Approximately 60 days after the filing of the form 10, the filing of which I believe was November 8th. That makes January 7th, 2021. But the word approximately is necessary to note. We are near that date and have yet to receive news, so it's coming. You'll want to sit on raw shares.
Item 7.01 Regulation FD Disclosure
On October 6, 2021, the Company filed a Current Report on Form 8-K announcing that the Record Date (the “Record Date”) for the TYDE Spin-off Dividend had been changed to October 22, 2021. The Company has elected to change the form of registration for the TYDE spin-off dividend such that it will be filing a Registration Statement on Form 10 (the “Form 10”). Upon successful completion of the standalone audit, the Company anticipates filing the Form 10 the week of October 25, 2021 with a Record Date of approximately 60 days post filing (on or about December 27, 2021).

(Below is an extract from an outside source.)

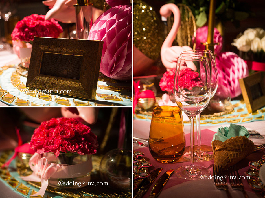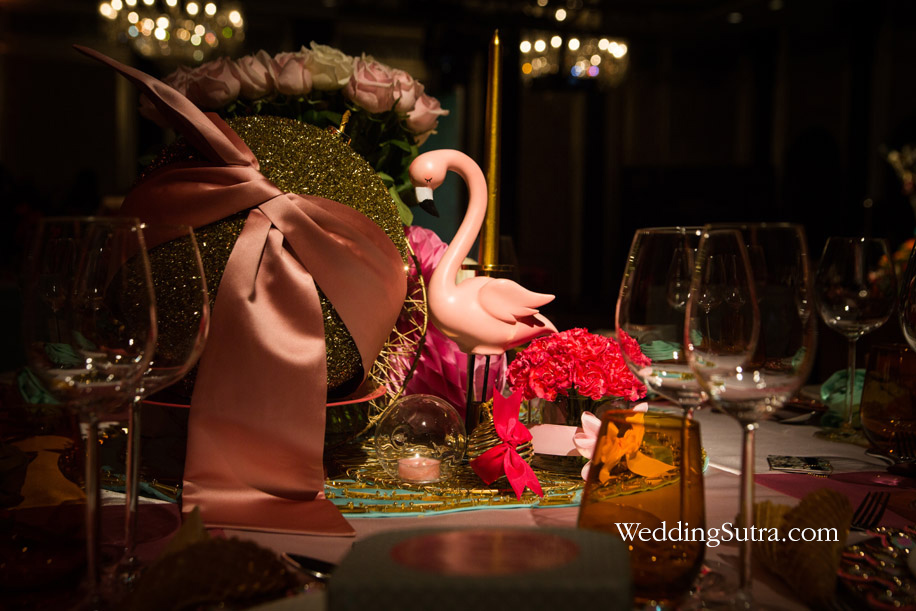 In the middle, a few elegant, as well as idiosyncratic features, were arranged to exude a cool chic vibe. Bunches of roses and carnation in shades of pink were placed alongside a large glittery globe which shaped to look like a bomb and was tied with a pink ribbon. A graceful flamingo, candles in mint green and pink were other additions to the central setup placed on a layered overlay.
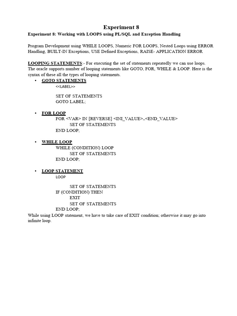 Experiment 8: Working with LOOPS using PL/SQL and Exception Handling

On September 13, 2021, the Company filed a Current Report on Form 8-K that included a new corporate presentation (the “Corporate Presentation”) as Exhibit 99.1 providing an overview of the Company’s 2021 Annual Proxy. On the slide titled “Anticipated Key Dates”, the Record Date for TYDE Spin-off Dividend is shown as October 15, 2021. The Record Date for TYDE Spin-off Dividend has been changed to October 22, 2021. An updated copy of the Corporate Presentation has been posted on its Investor Relations website at https://investors.vincoventures.com. -8k
On September 12, 2021, the Company filed Articles of Incorporation with the State of Nevada for a new wholly owned subsidiary, Cryptyde, Inc.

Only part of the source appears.